Scientific classification
- Kingdom: Fungi
- Division: Basidiomycota
- Class: Agaricomycetes
- Order: Agaricales
- Family: Lycoperdaceae
- Genus: Lycoperdon
- Species: L. perlatum
- Binomial name: Lycoperdon perlatum Pers. (1796)
- Synonyms: Lycoperdon gemmatum Batsch (1783); Lycoperdon gemmatum var. perlatum (Pers.) Fr. (1829); Lycoperdon bonordenii Massee (1887); Lycoperdon perlatum var. bonordenii (Massee) Perdeck (1950);

= Lycoperdon perlatum =

- Genus: Lycoperdon
- Species: perlatum
- Authority: Pers. (1796)
- Conservation status: LC
- Synonyms: Lycoperdon gemmatum Batsch (1783), Lycoperdon gemmatum var. perlatum (Pers.) Fr. (1829), Lycoperdon bonordenii Massee (1887), Lycoperdon perlatum var. bonordenii (Massee) Perdeck (1950)

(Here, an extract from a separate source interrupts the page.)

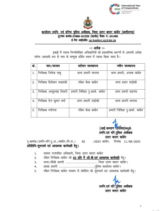 इसके अलावा, दिलेश्वर चंद्रवंशी को रक्षित केंद्र से ताड़ोकी थाना प्रभारी, अच्युतचंद्र तिवारी को जीविशा पुलिस कार्यालय से बड़गांव थाना प्रभारी, जबकि मनोरमा को रक्षित केंद्र कांकेर से जीविशा पुलिस कार्यालय का प्रभारी बनाया गया है।

Species of puffball fungus in the family Agaricaceae with a cosmopolitan distribution

Lycoperdon perlatum, popularly known as the common puffball, warted puffball, gem-studded puffball or devil's snuff-box, is a species of puffball fungus in the family Agaricaceae. It is a medium-sized puffball with a round fruit body tapering to a wide stalk, and dimensions of 1.5 to 6 cm wide by 3 to 10 cm tall. It is off-white with a top covered in short spiny bumps or "jewels", which are easily rubbed off to leave a netlike pattern on the surface. When mature it becomes brown and a hole in the top opens to release spores in a burst when the body is compressed by touch or falling raindrops.

Common puffball, releasing spores in a burst by compressing the body

A widespread species with a cosmopolitan distribution, the species grows in fields, gardens, and grassy clearings. It is edible when young and the internal flesh is completely white, although care must be taken to avoid confusion with immature fruit bodies of poisonous Amanita species. L. perlatum can usually be distinguished from similar puffballs by differences in surface texture. Several chemical compounds have been isolated and identified from the fruit bodies of L. perlatum, including sterol derivatives, volatile compounds that give the puffball its flavor and odor, and the unusual amino acid lycoperdic acid. Extracts of the puffball have antimicrobial and antifungal activities.

==Taxonomy==
The species was first described in the scientific literature in 1796 by mycologist Christiaan Hendrik Persoon. Synonyms include Lycoperdon gemmatum (as described by August Batsch in 1783), the variety L. gemmatum var. perlatum (published by Elias Magnus Fries in 1829), L. bonordenii (George Edward Massee, 1887), and L. perlatum var. bonordenii (A. C. Perdeck, 1950).

L. perlatum is the type species of the genus Lycoperdon. Molecular analyses suggest a close phylogenetic relationship with L. marginatum.

The specific epithet perlatum is Latin for "widespread". It is commonly known as the common puffball, the gem-studded puffball (or gemmed puffball), the warted puffball, or the devil's snuff-box; Samuel Frederick Gray called it the pearly puff-ball in his 1821 work A Natural Arrangement of British Plants. Because some indigenous peoples believed that the spores caused blindness, the puffball has some local names such as "blindman's bellows" and "no-eyes".

==Description==
The fruit body ranges in shape from pear-like with a flattened top, to nearly spherical, and reaches dimensions of 1.5 to 6 cm wide by 3 to 9 cm tall. It has a stem-like base, and is whitish before browning in age. The outer surface of the fruit body (the exoperidium) is covered in short cone-shaped spines that are interspersed with granular warts. The spines, which are whitish, gray, or brown, can be easily rubbed off, and leave reticulate pock marks or scars after they are removed. The base of the puffball is thick. It is initially white, but turns yellow, olive, or brownish in age. The reticulate pattern resulting from the rubbed-off spines is less evident on the base.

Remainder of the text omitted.